Sometimes you don't expect something

Wow.

Today is a Halloween Party and I'm totally skipping out on it. Why? It's kind of a waste of money. And time. While it would be fun; I have no doubts about that, it's just that it could be better. Like if I actually had a super close friend going, or a costume,  or money to waste, or no essays to write.

So I get on a bus, I think it's going to be a great ride to my university's library. Almost no one is on the bus. And I'm in a okay mood. And I'm really happy with that. Those unnamed people deserve it. And so I take out my journal to start writing about how I feel. And my reasons for how I feel. And drafting college essays. Etc. But then my world got turned upside down. (this doesn't make sense, but this is an edit to cover something else)
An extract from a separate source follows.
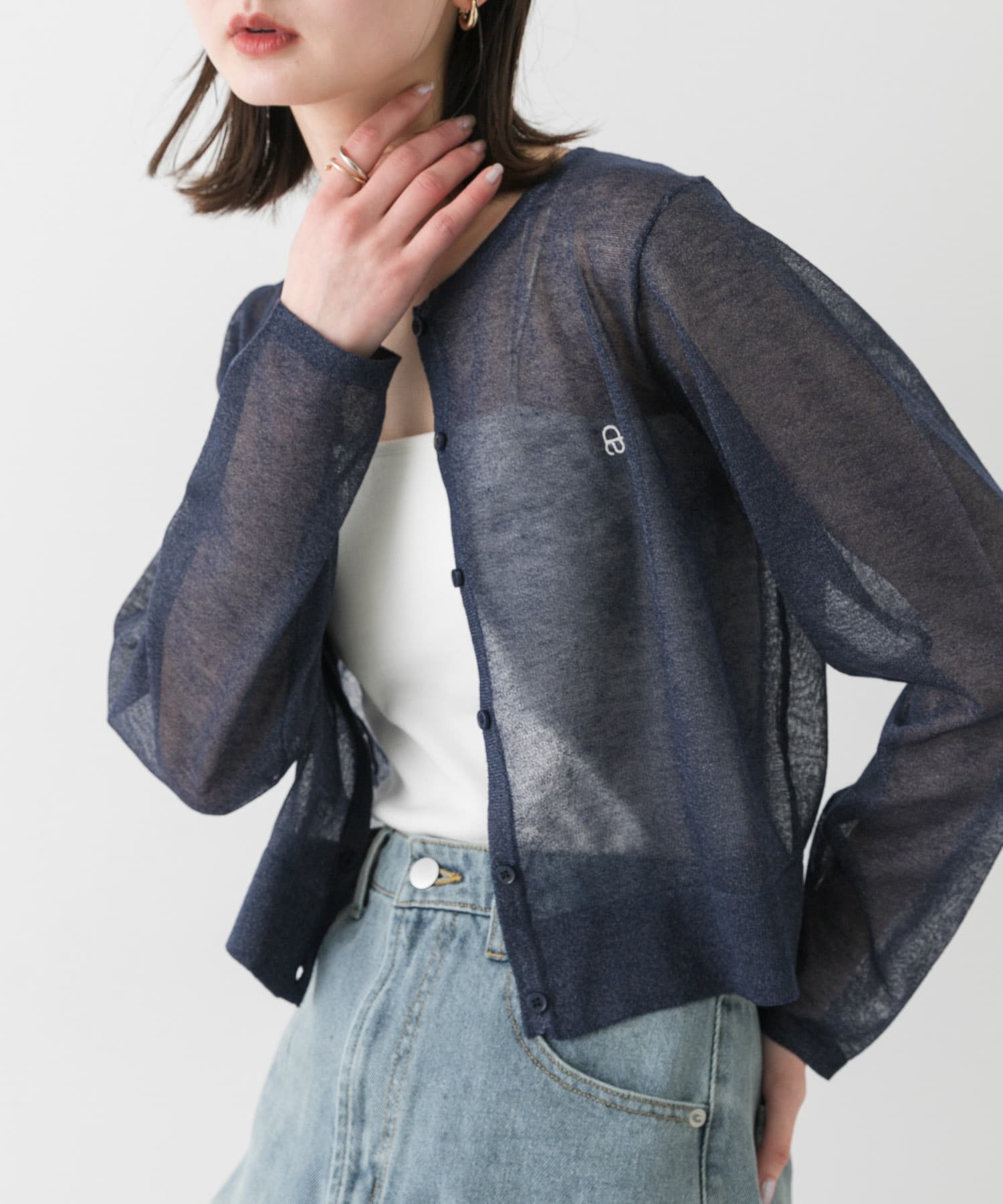 トップスはさりげないラメが大人っぽいシアーカーディガン🎀インナーにロゴTを合わせるのもおすすめ!

This man wants to sit next to me. That's a little annoying. I would have liked to have two seats, but it's pretty whatever; I don't mind having someone sit next to me. It was also just a little annoying that he was a male. Usually, I only like women to sit next to me on the bus. Just a safety thing, it's not necessary, just personal preference. But he seemed nice so I didn't give him a dirty look. He did the usual Taiwanese "xie xie" when I moved out of his way to help him sit down. And he even said "thank you" after. Taiwanese people always think I don't understand simple things. But it was nice of him. I thought it was nice he was trying his best to speak English to me. So I went to ignoring him and continued on with my journal. I was writing a total bitch entry. I'm not going to lie. I'm really disgusted with someone I know. And I was writing all about it. I didn't attempt to hide this entry at all. Because it was in English. Five minutes later, he talks to me in fluent english, asking me if I'm writing out homework. I'm still not sure how much english he knows, so I give him a simple "yes." We spend the next hour talking. He lived in America for like 2 years, and with the Americans in Africa for like 18 years. His english is perfect. He worked for the American government. It was kind of a FML moment. But kind of not. I learned a lot about him, he learned a little about me. It wasn't bad. I was completely shocked. He has the best english I've heard since I got here. Better than the "english teachers" here, better than all the rotary people. It just goes to show you, there are exceptions everywhere. People can and will shock you. I like him. He was fun. He totally made me realize I've started to think I'm the only exception. People are always shocked I'm here at all. They are completely shocked when they find out I speak Japanese. An American girl who speaks Japanese and is learning Chinese. It's almost too much for them. But there are those of us like this in every country. It's good. It's fun. I met someone a lot like me today.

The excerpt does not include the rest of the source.